What to produce:
From the material below, retype exactly the lines that begin at the line with "Прежде всего замесим" and end after the line with "- При температуре"; pictures stay out of the copy.

Source data:

┌────────

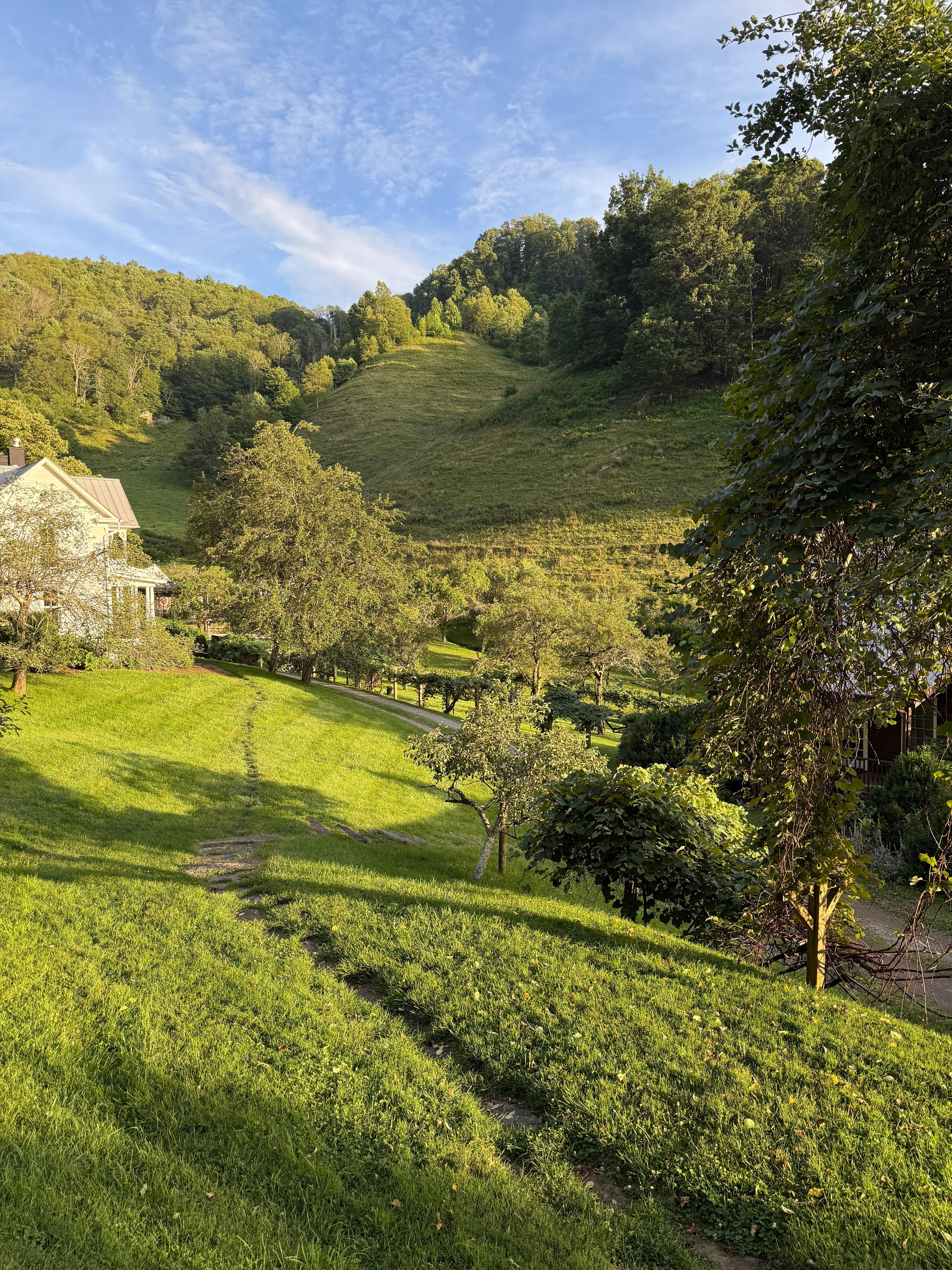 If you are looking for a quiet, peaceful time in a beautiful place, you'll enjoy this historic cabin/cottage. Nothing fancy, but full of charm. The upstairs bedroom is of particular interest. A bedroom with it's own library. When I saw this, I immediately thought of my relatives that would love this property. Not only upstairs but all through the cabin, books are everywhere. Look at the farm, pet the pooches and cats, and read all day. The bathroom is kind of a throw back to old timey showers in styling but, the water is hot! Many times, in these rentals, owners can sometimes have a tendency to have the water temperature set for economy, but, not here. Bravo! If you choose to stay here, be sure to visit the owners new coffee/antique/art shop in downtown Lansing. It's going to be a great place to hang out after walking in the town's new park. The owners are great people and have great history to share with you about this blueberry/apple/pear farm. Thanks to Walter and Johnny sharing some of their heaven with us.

└────────
┌────────

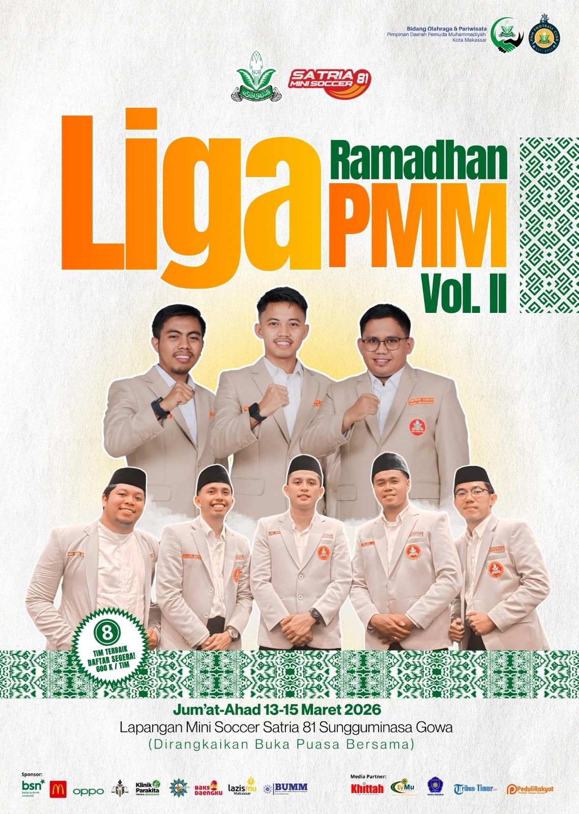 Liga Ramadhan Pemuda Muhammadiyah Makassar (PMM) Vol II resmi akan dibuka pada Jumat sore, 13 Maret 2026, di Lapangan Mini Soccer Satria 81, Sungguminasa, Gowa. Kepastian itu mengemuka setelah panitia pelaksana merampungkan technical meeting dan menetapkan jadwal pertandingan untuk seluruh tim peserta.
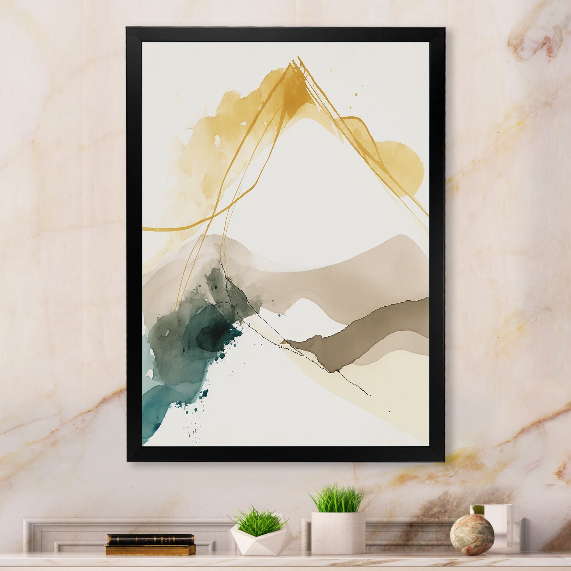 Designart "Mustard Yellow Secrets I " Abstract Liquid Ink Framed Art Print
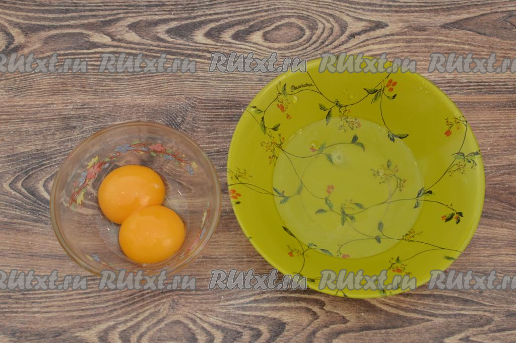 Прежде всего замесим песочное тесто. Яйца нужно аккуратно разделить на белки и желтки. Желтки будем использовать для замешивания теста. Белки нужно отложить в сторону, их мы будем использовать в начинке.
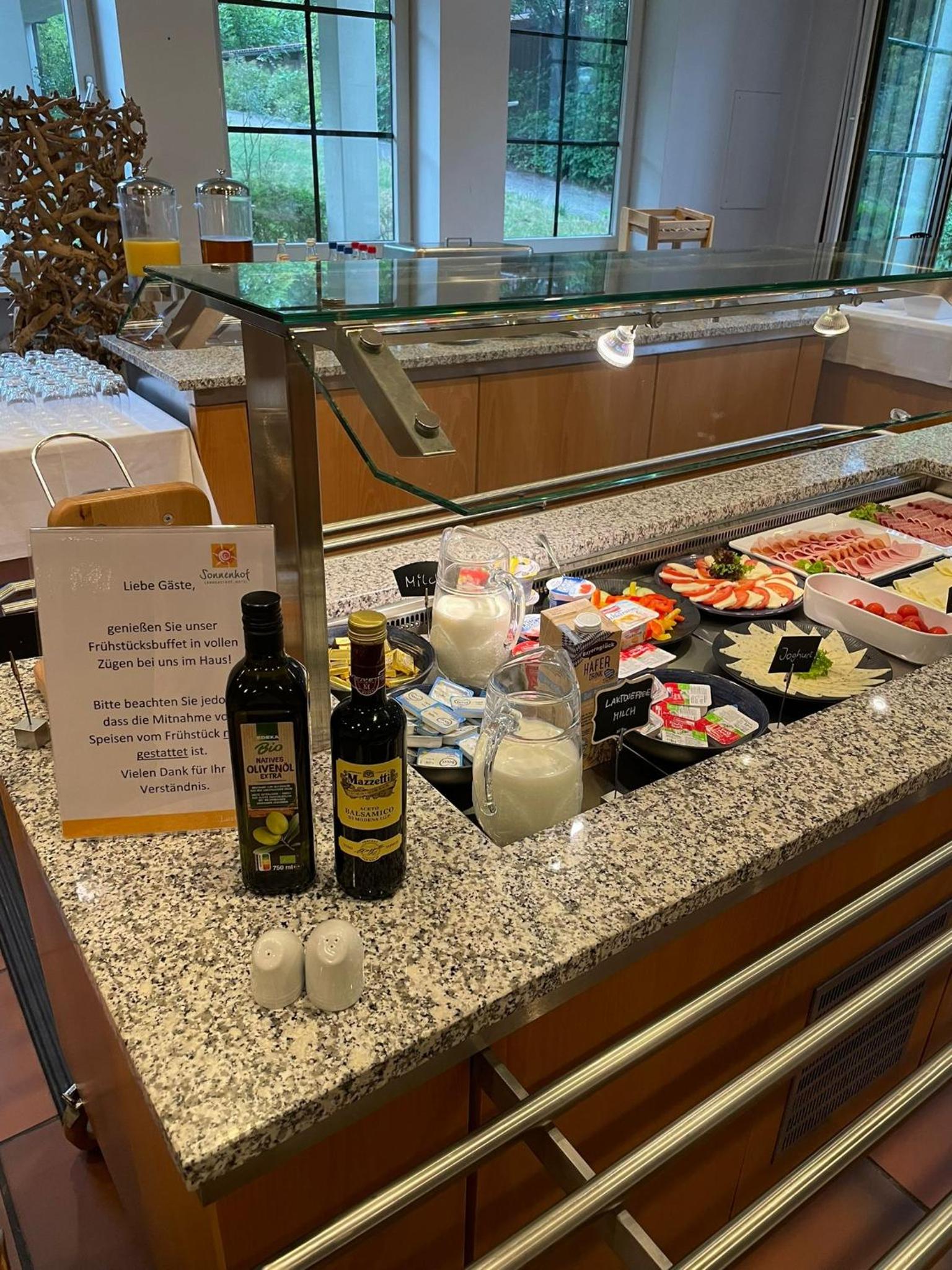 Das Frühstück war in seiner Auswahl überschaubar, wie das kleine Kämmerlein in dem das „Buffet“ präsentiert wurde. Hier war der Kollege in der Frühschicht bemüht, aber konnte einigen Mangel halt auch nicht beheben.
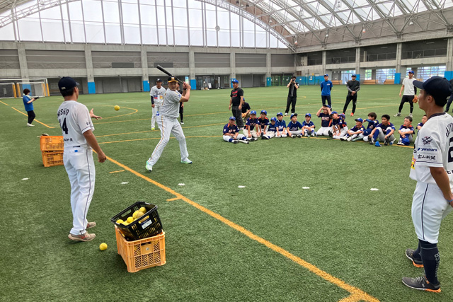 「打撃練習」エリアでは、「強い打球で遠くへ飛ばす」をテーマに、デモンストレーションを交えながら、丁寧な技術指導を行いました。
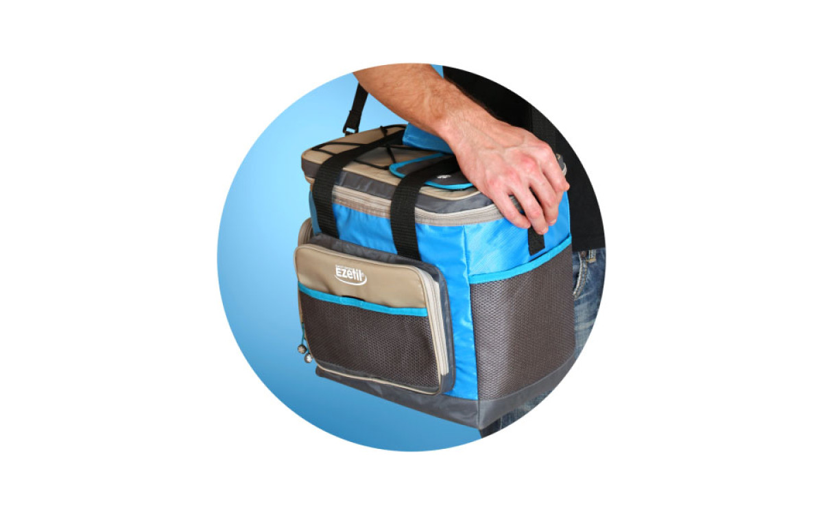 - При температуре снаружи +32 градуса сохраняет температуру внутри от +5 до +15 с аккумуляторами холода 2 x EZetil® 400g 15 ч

└────────

Answer section:
 Прежде всего замесим песочное тесто. Яйца нужно аккуратно разделить на белки и желтки. Желтки будем использовать для замешивания теста. Белки нужно отложить в сторону, их мы будем использовать в начинке.
 Das Frühstück war in seiner Auswahl überschaubar, wie das kleine Kämmerlein in dem das „Buffet“ präsentiert wurde. Hier war der Kollege in der Frühschicht bemüht, aber konnte einigen Mangel halt auch nicht beheben.
 「打撃練習」エリアでは、「強い打球で遠くへ飛ばす」をテーマに、デモンストレーションを交えながら、丁寧な技術指導を行いました。
 - При температуре снаружи +32 градуса сохраняет температуру внутри от +5 до +15 с аккумуляторами холода 2 x EZetil® 400g 15 ч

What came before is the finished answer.